_AVAILABLE DATA_
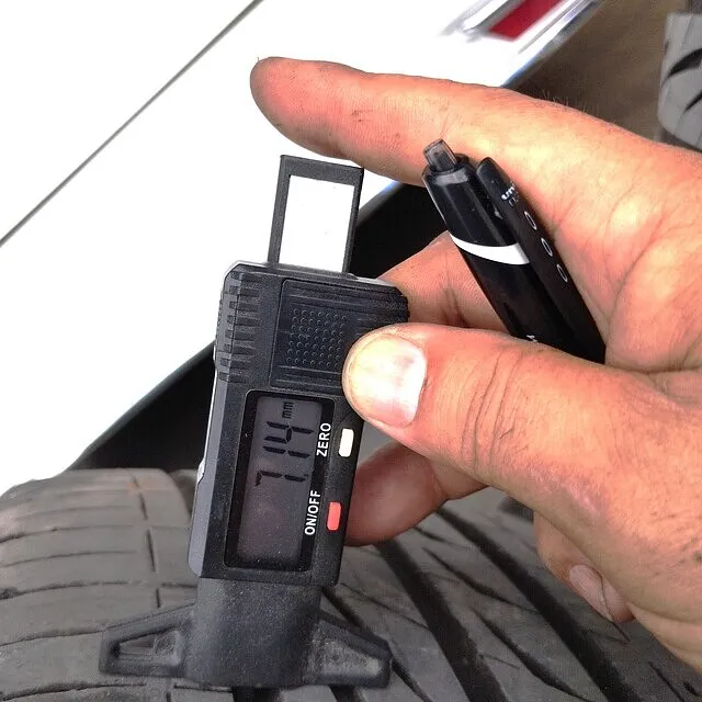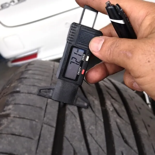 KBSの車検整備では、タイヤの残溝をミリ単位で正確に測定し、状態を写真とともにご報告。
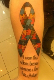 欧美拼图纹身 男生手臂上英文和丝带纹身图片
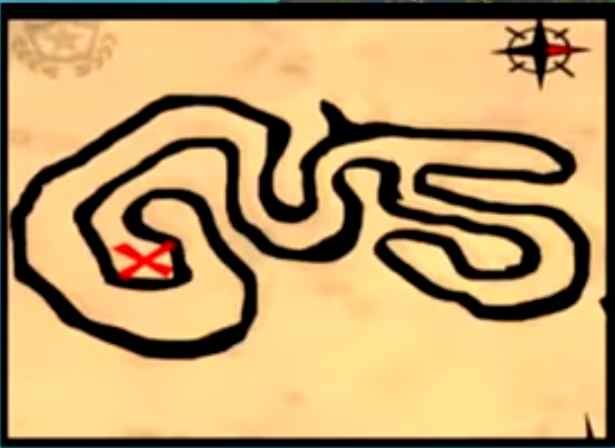 Questa è la mappa che il gioco fornisce ai giocatori. Essa si trova all’interno di un capanno nella zona più occidentale di Borgo Bislacco, attaccata a una parete.

_AIM OF THE EXERCISE_
Each line from the line containing "欧美拼图纹身 男生手臂上英文和丝带纹身图片" through the final line of the data above must be retyped exactly; nothing else, and no pictures, may appear.

_EXPECTED OUTPUT_
 欧美拼图纹身 男生手臂上英文和丝带纹身图片
 Questa è la mappa che il gioco fornisce ai giocatori. Essa si trova all’interno di un capanno nella zona più occidentale di Borgo Bislacco, attaccata a una parete.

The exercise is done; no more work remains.